# WebSpace mit S-FTP und HTTPS, was ist da zu beachten? Wo anmieten?



## tutorial-hilfe (18. Mai 2008)

Hi,

wenn ich mir einen WebSpace mit 
- S-FTP und 
- HTTPS
Diensten holen möchte, 
was ist da zu beachten?
Wo kann man sich diesen anmieten?

Vielen Dank.


----------



## Arne Buchwald (18. Mai 2008)

S-FTP meint nichts anderes als das verschlüsselte Hochladen von Dateien. HTTPS ist dann der verschlüsselte Zugriff via Webbrowser auf die Domain.

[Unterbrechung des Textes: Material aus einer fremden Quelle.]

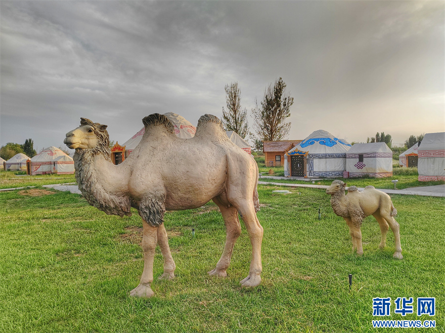 造型独特的雕塑与蒙古包相互映衬,尽显草原文化魅力。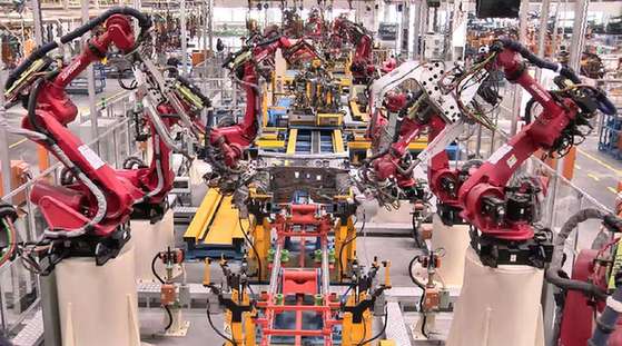 按照寶馬工業(yè)標準設計的華晨中華M8X智能化裝焊車間。資料圖片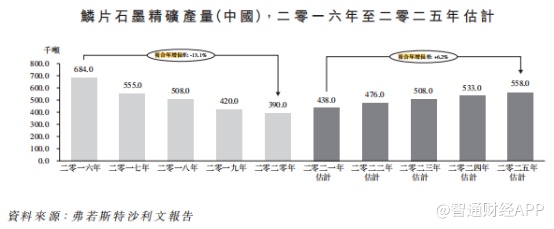 但在市场需求火热的同时,受到环境检测政策监管趋严、矿床开采成本增加等因素影响,中国石墨产量增速却远远不及销量增速。2016-2020年间,国内鳞片石墨精矿产量复合年增长率仅为-13.1%。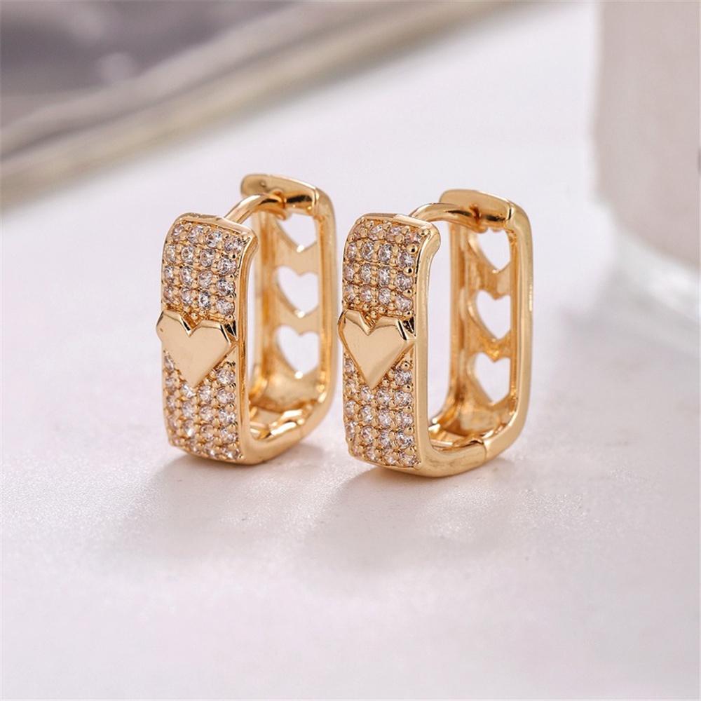 Luxury Female Gold Color Heart White Zircon Stone Hoop Earrings Bridemaids Gifts Wedding For Women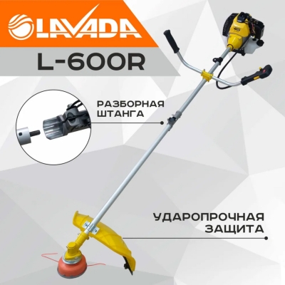 Триммер бензиновый садовый Lavada L-600R представляет собой мощное и надежное устройство для покоса газонов, полевой травы, сорняков, а также ликвидации зарослей кустарников и молодых деревьев. Модель L-600R отличается разборной конструкцией, что облегчает транспортировку и хранение.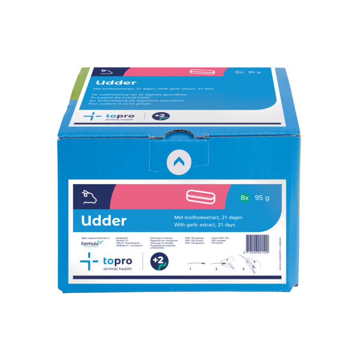 De Topro Udder bolus bevat 2 stabiele vormen van allicine. Deze zijn zorgvuldig geïsoleerd én geconcentreerd om een stabiele en langwerkende vorm van allicine te verkrijgen Dit maakt de Topro Udder bolus zeer geschikt voor koeien die extra ondersteuning van de gezondheid nodig hebben.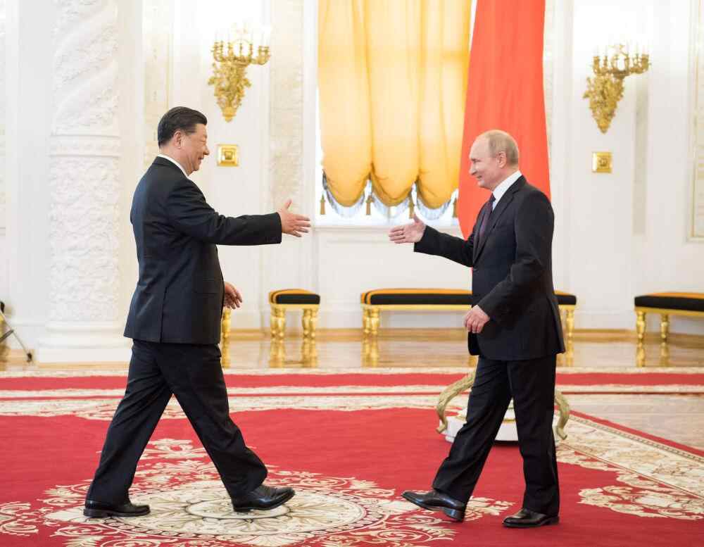 2019年6月5日,国家主席习近平在莫斯科克里姆林宫同俄罗斯总统普京会谈。这是两国元首在会谈前握手。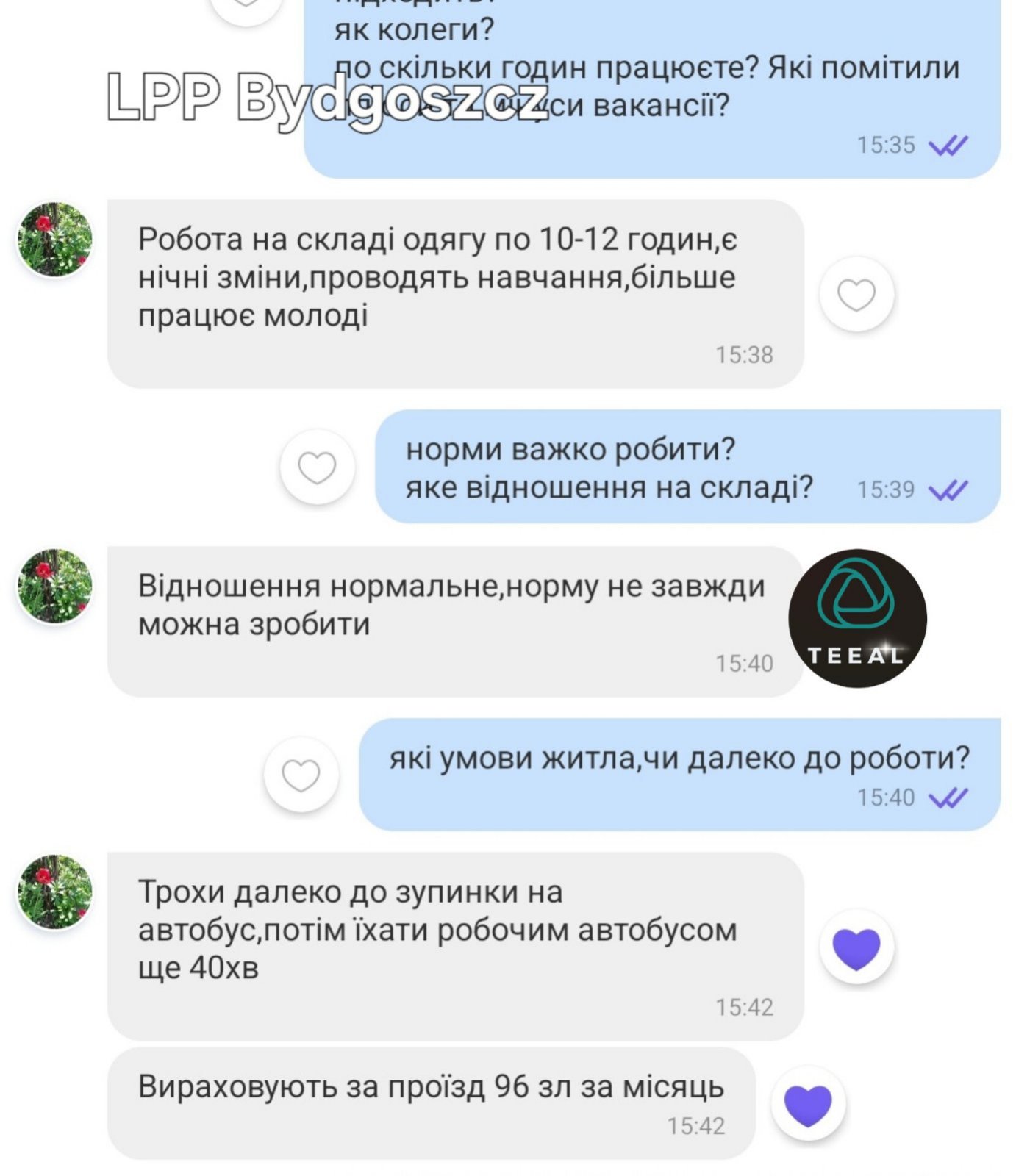 ДОЇЗД: 96 злотих/місяць із вирахуванням із ЗП (при відпрацюванні 250 годин на місяць — доїзд безкоштовний).

Wenn du mir kurz weitere Anforderungen wie benötigter Speicherplatz und eine ungefähre Abschätzung des Traffics nebst Email-Adresse via Email an mich info (at) busoft (dies_ist_ein_punkt) de zuschickst, erstelle ich dir gerne ein passendes Angebot.


----------



## tutorial-hilfe (20. Mai 2008)

Hi,


Arne Buchwald hat gesagt.:


> S-FTP meint nichts anderes als das verschlüsselte Hochladen von Dateien. HTTPS ist dann der verschlüsselte Zugriff via Webbrowser auf die Domain.


Genau  .
Für HTTPS brauche ich ein Zertifikat, welches offiziell beglaubigt ist und so Geld kostet und im Brwoser keine Warnmeldung erscheint, oder ein nicht offizielles welches aber eine Warnmeldung verursacht.

Wie ist das mit S-FTP, da muß es zwei Arten geben: FTP over ssh und ... .
Brauche ich da auch ein Zertifikat?



Arne Buchwald hat gesagt.:


> Wenn du mir kurz weitere Anforderungen wie benötigter Speicherplatz und eine ungefähre Abschätzung des Traffics nebst Email-Adresse via Email an mich info (at) busoft (dies_ist_ein_punkt) de zuschickst, erstelle ich dir gerne ein passendes Angebot.


Der Trafic wird sich im Monat um mindestens 20 GB belaufen.

Gruß.


----------